It can be noted that the British government has a history of killing Iraqis, and with any weapon of mass slaughter that is convenient The patron saint of the British bourgeoisie, Winston Churchill, personally approved using chemical weapons on Arabs. In 1919, when the British Royal Air Force consulted him about this, he stated "I do not understand this squeamishness about the use of gas. I am strongly in favor of using poisoned gas against uncivilized tribes." Of course, this humanitarian added "It is not necessary to use only [!!] the most deadly gasses; gasses can be used which would cause great inconvenience and would spread a lively terror and yet would leave no serious permanent effects on most of those affected. For Churchill, chemical weapons represented "the application of Western science to modern warfare... We cannot in any circumstance acquiesce in the non-utilization of any weapons which are available to procure a speedy termination of the disorder which prevails on the frontier." (Feb. 18, The Nation) The British armed forces the proceeded to gas Iraqis in 1920 in order to keep the government they favored in power.
Today, in complaining about the atrocities of warfare, the Western press concentrates on those weapons or practices which may be used against it. And indeed the Iraqi government of Saddam Hussein does not hold back from atrocities.

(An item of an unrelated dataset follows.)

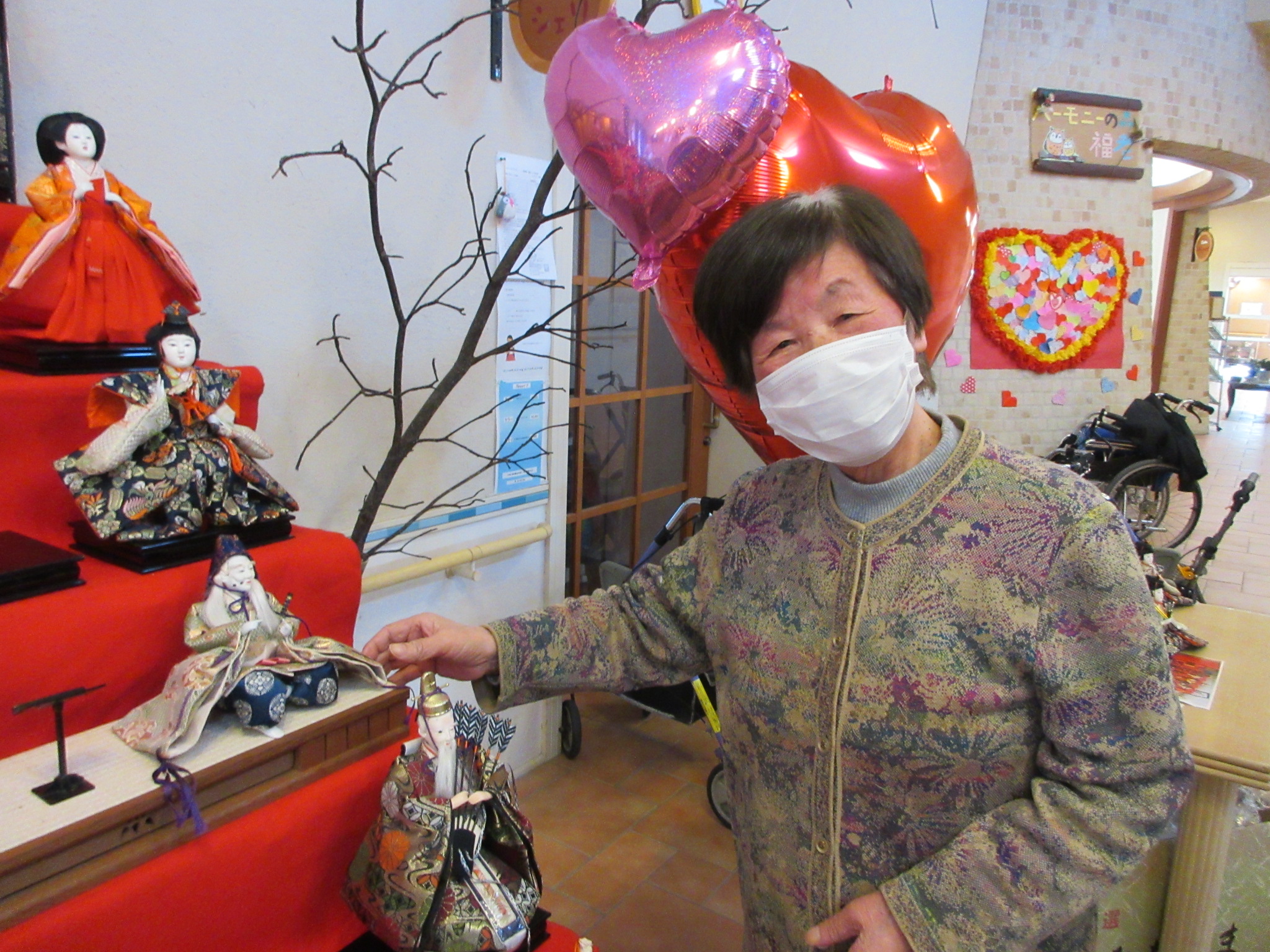 ひな壇が飾られたことによって、とても華やいだ雰囲気になりましたね✨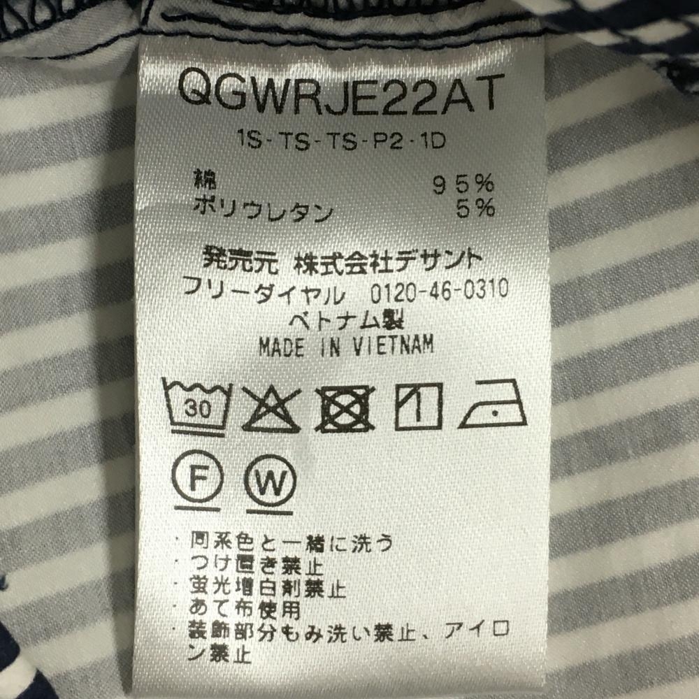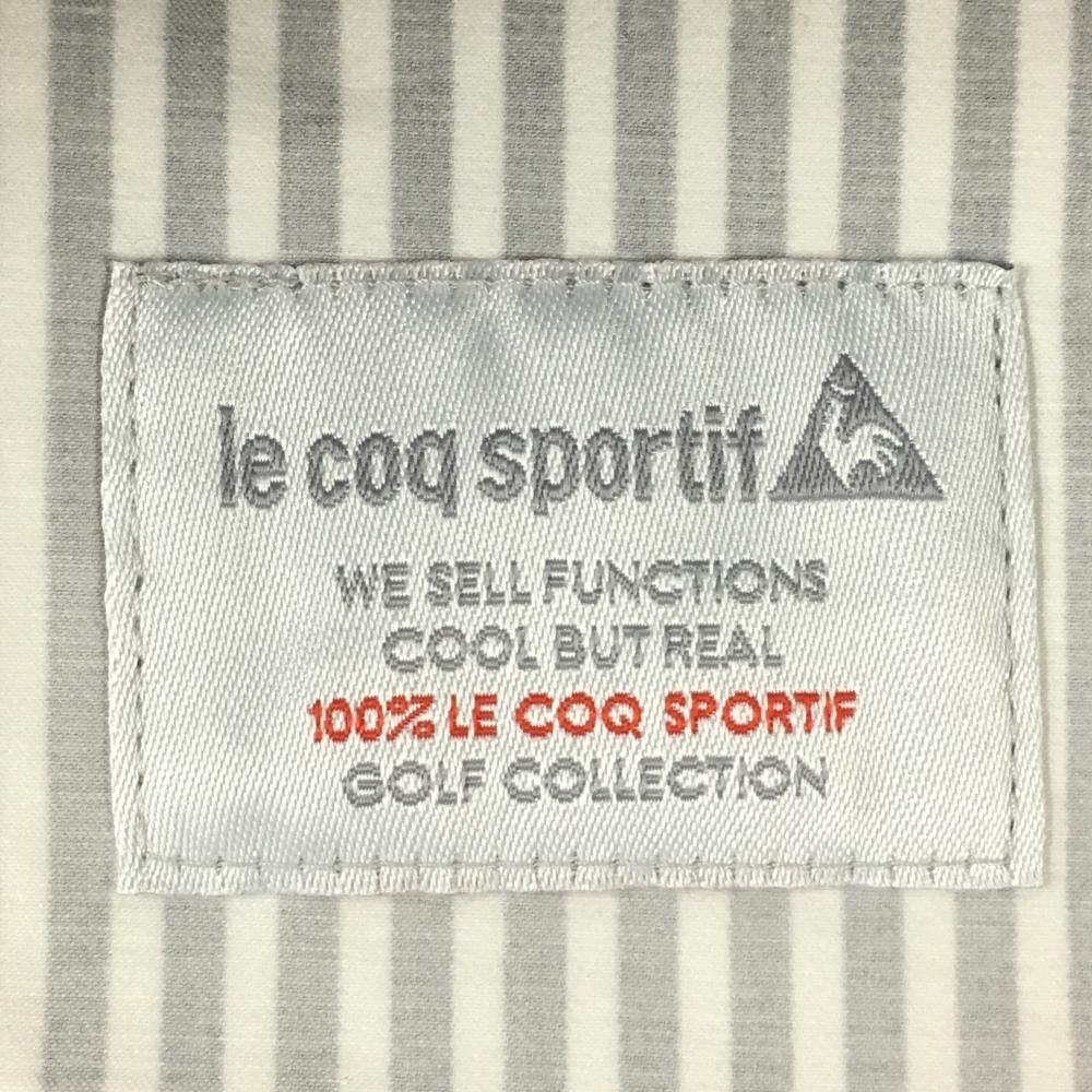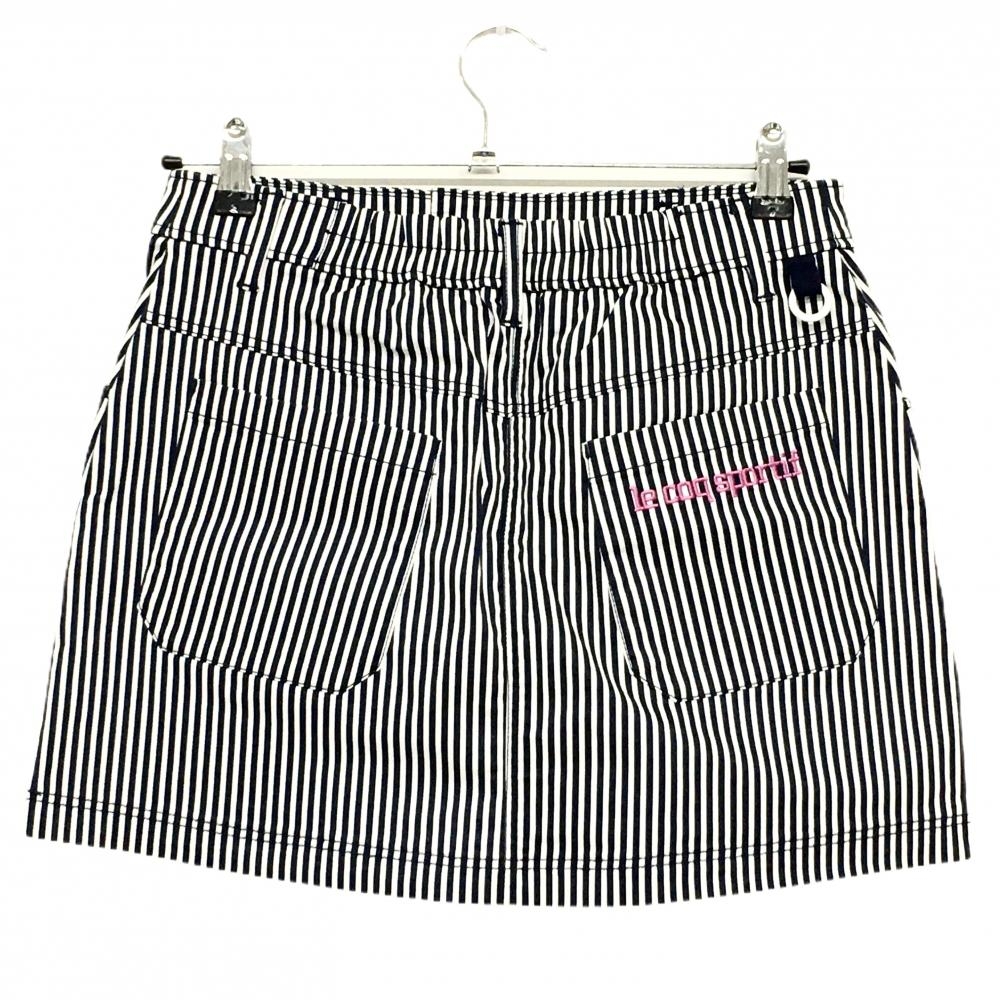 【美品】ルコックゴルフ スカート 白×ネイビー ストライプ ロゴピンク レディース 9 ゴルフウェア le coq sportif

But when it comes to atrocities on the American side, these are hailed as ways of "saving lives"--the lives worthy of being counted being Allied soldiers fighting against Iraq.
The mass bombing of a country, to terrorize it, sap its will to live, starve its population, and bring it to its knees, is itself an atrocity of war. Iraq is being so devastated. In such a situation, what becomes of the distinction between military and civilian targets? Anything that serves to "shorten" the war is called military. The few restrictions the Pentagon does respect seem just as much to save precious bombs, of which there isn't an unlimited supply, as for any other reason.
Food, water, electricity, etc. have become targets. A potato warehouse here, the water supply of a city there. Civilian radio stations were declared a military target on the grounds that they can broadcast speeches of Saddam Hussein. Now the Pentagon has gone so far as to call bomb shelters military targets. And hotels, if they have shelters below them. It hasn't taken much for the Pentagon to overcome any scruples it may have had over bombing shelters. Just mumble a few words about "collateral damage". And besides, it claims, there was camouflage paint there-presumably the Iraqis are supposed to mark every building in Baghdad on the roof with a big T for target or C for civilian, and trust in the good faith of the Pentagon. Meanwhile the Pentagon leaks to the press that, after all, the relatives of Saddam or other government officials might have been using the shelter. Who knows, maybe they can kill Saddam if they destroy all the shelters?
After all, the "lesson of Vietnam" according to Bush and the chauvinists, is that nothing is supposed to prevent the application of overwhelming power.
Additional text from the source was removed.